Резкий порыв сентябрьского ветра сорвал с деревьев желтые листья и оросил ими Арана. Он хмуро поднял голову, замедляя шаг, погружаясь в самый центр листопада. Он совсем остановился и нахмурился сильнее, глядя на трепыхающиеся на ветру листья. Это ему что-то напоминало, но он не смог прийти ни к каким картинкам в памяти, где он мог встречать подобные ощущения от обычного листопада, и тогда раздраженно хмыкнул себе под нос и уже целенаправленно, но без желания направился к университету.
Он обучался на юридическом факультете, и история его поступления до сих пор приводила Арана в тупик. Ему никогда не хотелось становиться адвокатом, или юристом, или даже нотариусом. Но далекие в прошлом намеки на профессию археолога или хотя бы специалиста в туризме в корне отметались родителями, которые всегда следили за выбором будущего обоих сыновей и понимали, что потакание подростковым капризам может стоить карьеры и благополучной обеспеченной жизни. Каждый раз, когда Аран начинал тему выбора образования с Овидом, разговор неизменно заканчивался обвинительным напоминанием о том, на какие жертвы идут родители ради будущего своих трех детей, отдавая здоровье, все свои силы и средства на хорошее образование сыновей и дочери. После года обучения Аран однажды проснулся и почувствовал себя крайне меланхоличным и безразличным до всего человеком, постоянно пребывающим в апатии и непонятной усталости, и перестал возвращаться к теме выбора своего будущего, полностью смирившись с выбранным за него настоящим.

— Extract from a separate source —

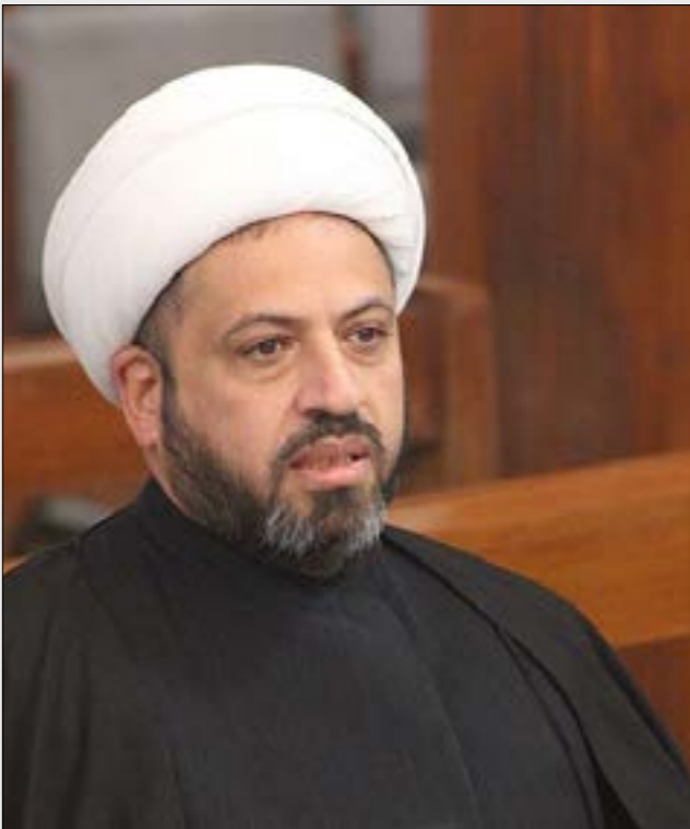
مصادر «الحشد»: جاء اعتقال الحفاجي وصفه مذكرة قضائية (من الويبر)

Он подошел к серому четырехэтажному зданию, отдельными пристройками разделенному на несколько огромных отсеков по факультетам, остановился перед кованым железным ограждением, чтобы еще не быть причисленным к территории университета, и закурил. Время от времени он кивал в приветствии своим проходящим мимо сокурсникам и поглядывал на небо, стараясь не думать о предстоящей учебе.
– Зд-дра-австуй, Аран, – услышал он за спиной знакомый голос и, выдыхая сигаретный дым вверх, не спеша повернулся к стоящему перед ним молодому человеку в круглых очках. Аран лениво улыбнулся и протянул ему пачку сигарет:
– Здорово, Нэти. Будешь курить?
– Ты же зн-зна-аешь, Аран, что я не к-курю.
– Знаю, знаю, – Аран поднял обе руки и сунул пачку обратно в карман. – Подумал, вдруг все-таки решил начать.
Натаниель Гоббинс, которого Аран всегда звал Нэти, был его сокурсником и лучшим студентом, возможно, всего юридического факультета. Он всегда знал на порядок больше даже некоторых старшекурсников и своим внешним видом, прилежным и крайне дисциплинированным поведением являлся полной противоположностью Арану. Несмотря на его сильное заикание, его никто не мог переспорить ни по одному юридическому вопросу, а всегда до блеска начищенные ботинки, приглаженные воском волосы и идеально выглаженная белая рубашка с галстуком переносили Нэта в особый мир адвокатской идеологии, где уже никто и не пытался с ним тягаться хотя бы по мнимым внешним признакам идеального адвоката. Однако между Нэтом и Араном была одна общая черта. И того и другого всегда можно было увидеть в одиночестве, но если с Нэтом Гоббинсом никто не хотел общаться ввиду его нудного характера и чрезмерно правильного отношения ко всему, то Аран к дружеским отношениям с кем-либо не стремился сам.
– На-адеюсь, ты не забыл про де-дебаты, Аран.
– С тобой забудешь про них, как же, – он тяжело вздохнул, снова посмотрел на небо и нахмурился. – Скорее бы уже пошел, что ли.
– К-кто? – непонимающе переспросил Нэт.
– Да дождь, черт бы его побрал. Уж если собирается начаться, то пусть бы делал свое дело скорее.
– Ты слишком мно-ого руга-аешься, Аран.
– Черт, прости, Нэти, все время забываю, какой ты чувствительный.
– Я не чу-увствительный вовсе. Просто с та-акой дисцииплиной, как у тебя, тебе туго придется.
– Не туже, чем другим, не боись. Все в одном и том же мире живем, Нэти. А знаешь, чисто ты произносишь только мое имя, – безразлично проговорил Аран, кинул окурок в железную урну и с мрачным предвкушением направился в университет, оставляя Нэта в непонимании от последней реплики.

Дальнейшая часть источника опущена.